50. Can displacement be used to determine the direction of motion?

Displacement can indicate the overall direction of motion between start and end points, but it doesn't provide information about the path taken or any changes in direction during the motion. It gives the net effect of the motion, not its full history.

51. How do position and displacement vectors behave in damped oscillations?

In damped oscillations, both position and displacement vectors behave similarly to simple harmonic motion, but with decreasing amplitude over time. The displacement vector's magnitude gradually decreases as energy is dissipated from the system.

52. How do position and displacement vectors relate to the concept of torque?

Torque is calculated using the position vector from the axis of rotation to the point where force is applied. While displacement isn't directly used in the torque formula, understanding both position and displacement is crucial for analyzing rotational motion.

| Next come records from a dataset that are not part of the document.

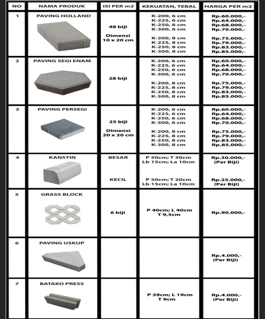 Daftar Conblock K300 Per M2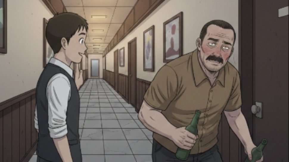 Seorang tamu lain, juga sama mabuk berat, berjalan sempoyongan di koridor. Matanya merah, wajahnya panas. Begitu berdiri tepat di depan anak baru itu, sapaan yang sama meluncur.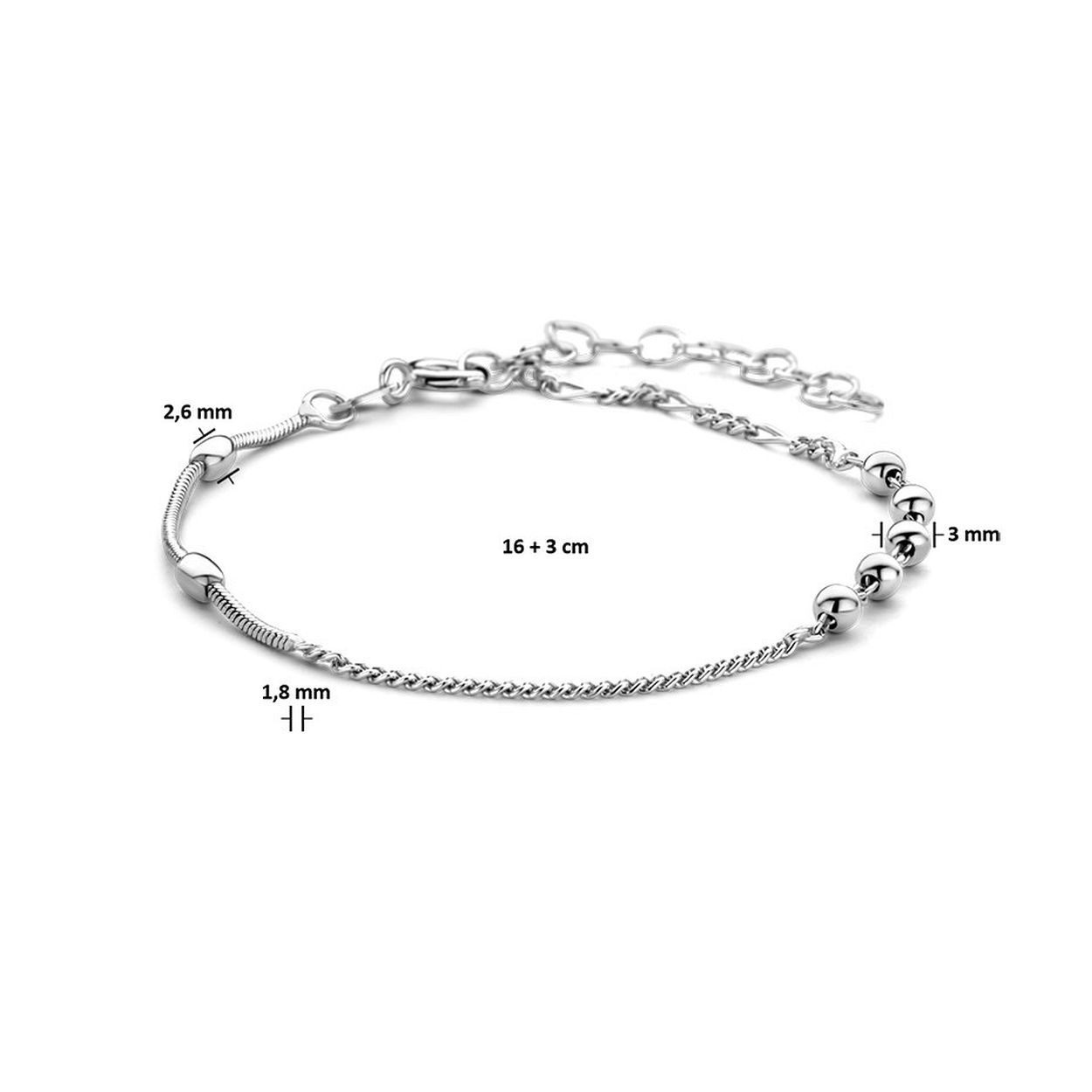Gerhodineerd 925 zilveren armband uitgevoerd met vier verschillende schakels. De armband heeft een breedte van 3mm en een draaglengte van 16cm met een extensie van 3cm.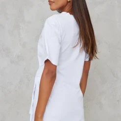 Robe T-shirt Portefeuille Blanche En Coton Ă Manches Courtes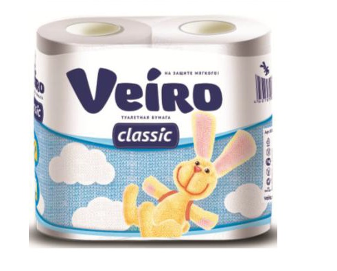 Бумага туалетная Veiro 2слоя Classic 4шт белый (12/576)*

53. How do position and displacement vectors behave in fluid dynamics?

In fluid dynamics, position and displacement vectors can describe the motion of individual fluid particles or elements. The concept of displacement fields is used to describe how entire regions of fluid move and deform.

54. What's the significance of displacement in understanding conservation laws?

Displacement plays a crucial role in many conservation laws. For example, in conservative force fields, the work done (which involves displacement) is independent of the path taken, leading to the conservation of mechanical energy. This highlights the fundamental nature of displacement in physics.